LAFF: From Mambo to Hip-Hop

LAFF: From Mambo to Hip-Hop


Saturday

Jul 15, 2023 | 5pm

 
BDC Annex, 364 East 151st St, Bronx, NY 10455

Join us for a screening of From Mambo to Hip-Hop: A South Bronx Tale, a documentary that traces the musical and cultural legacy of the South Bronx. Directed by Henry Chalfant, the film celebrates the ingenuity and artistry of music that arose from the South Bronx’s most dire eras, and how mambo, salsa and hip-hop have redefined a neighborhood once seen as the pinnacle of urban decay.

This event is held in partnership with Nueavyorkinos.

After the screening, Djali Brown-Cepeda, Founder & Curator of Nuevayorkinos will host a panel talk to discuss the history witnessed with legendary photographer Joe Conzo Jr., celebrated lecturer and author, Joe Conzo Sr, and Bronx Music Heritage Center's Co-Artistic Director and film producer, Elena Martínez.

Bios:

Djali Brown-Cepeda is an Afro-Indigenous Dominican archivist and filmmaker from Upper Manhattan and the Bronx, New York City. She is the Founder and Curator of Nuevayorkinos, a digital archive, multimedia project documenting New York City Latino and Caribbean cultures and histories through family photographs and stories. She runs the project with her life partner. Nuevayorkinos has exhibited at El Museo del Barrio and MoMA PS1 in NYC, and the MACLA in San José, CA, and has been featured in various publications, including The New Yorker, Dazed Digital, The New York Times, and Latina Magazine.

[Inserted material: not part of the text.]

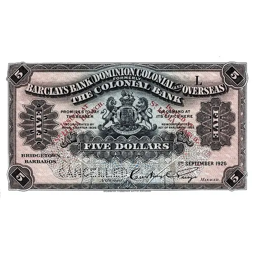 BARCLAYS BANK (DOMINION, COLONIAL AND OVERSEAS) FORMERLY THE COLONIAL BANK PROMISES TO PAY THE BARER ON DEMAND AT ITS OFFICE HERE ISSUED AT ST. LUCIA BRANCH FIVE DOLLARS BRIDGETOWN BARBADOS |

The New York Times, heralded Joe Conzo Jr. as “The Man Who Took Hip-Hop’s Baby Pictures.” The long and perilous journey of his photographic images had finally captured the gaze of mainstream America. Born and raised in the Bronx, Mr. Conzo acquired a passion for photography as a young boy attending the Agnes Russell School on the campus of Columbia University. He continued his formal artistic education at the School of Visual Arts (NYC). He also received certification as a Combat Medic. Later, he would join the New York Fire Department as an Emergency Medical Technician. It was his role as an EMT that delivered him to the World Trade Center on the morning of September 11, 2001. All the while, he continued his photography and published a seminal book on hip hop culture that has received worldwide acclaim —“Born In The Bronx: A Visual Record of the Early Days of Hip Hop” (2007). In 2008, this entire collection of images became part of a permanent archive housed at Cornell University. The digitization of over 10,000 of Mr. Conzo’s film images has already begun—progress can be viewed at the Cornell University Library’s website. This collection is regarded by genre experts and academia as an important lens into the roots of Hip Hop culture, the Urban NYC landscape of the 70’s and 80’s, and an integral source for any serious discourse on the movement.

Joe Conzo Sr. is a celebrated Latin music and Latin Jazz lecturer, author of the book Mambo Diablo, and producer and best friend of the late legendary timbalero and orchestra leader Tito Puente. 

Elena Martínez is the Co-Artistic Director of the Bronx Music Heritage Center, a gallery and performance space that celebrates the Bronx’s musical and artistic legacy, and she has been a Folklorist at City Lore since 1997. She has produced or co-produced documentaries such as From Mambo to Hip Hop: A South Bronx Tale (PBS 2006, winner of a 2007 ALMA Award for Best TV Documentary), We Like It Like That: The Story of Latin Boogaloo (SXSW Festival 2015), and Eddie Palmieri: A Revolution on Harlem River Drive (Red Bull Academy 2016). She has been awarded a 2013 BOROMIX Puerto Rican Heritage Award, Comité Noviembre’s Lo Mejor de Nuestra Comunidad 2013, and a 2016 Community Award by El Maestro’s Cultural & Educational Center. Presently, she is working on a research project focusing on the Afro-Puerto Rican participation in the 369th Regimental Band (the “Harlem Hellfighters”) during WWI. (Photo of Elena Martinez by Francisco Molina Reyes II.)

Nueavyorkinos is a digital archive documenting and preserving New York City Latinx culture and history through family photos and stories.

Image: Henry Chalfant, Gman and Crew at the Park Jam 144th St. and 3rd Avenue, The Bronx, 1984 (1984). Courtesy of Eric Firestone Gallery.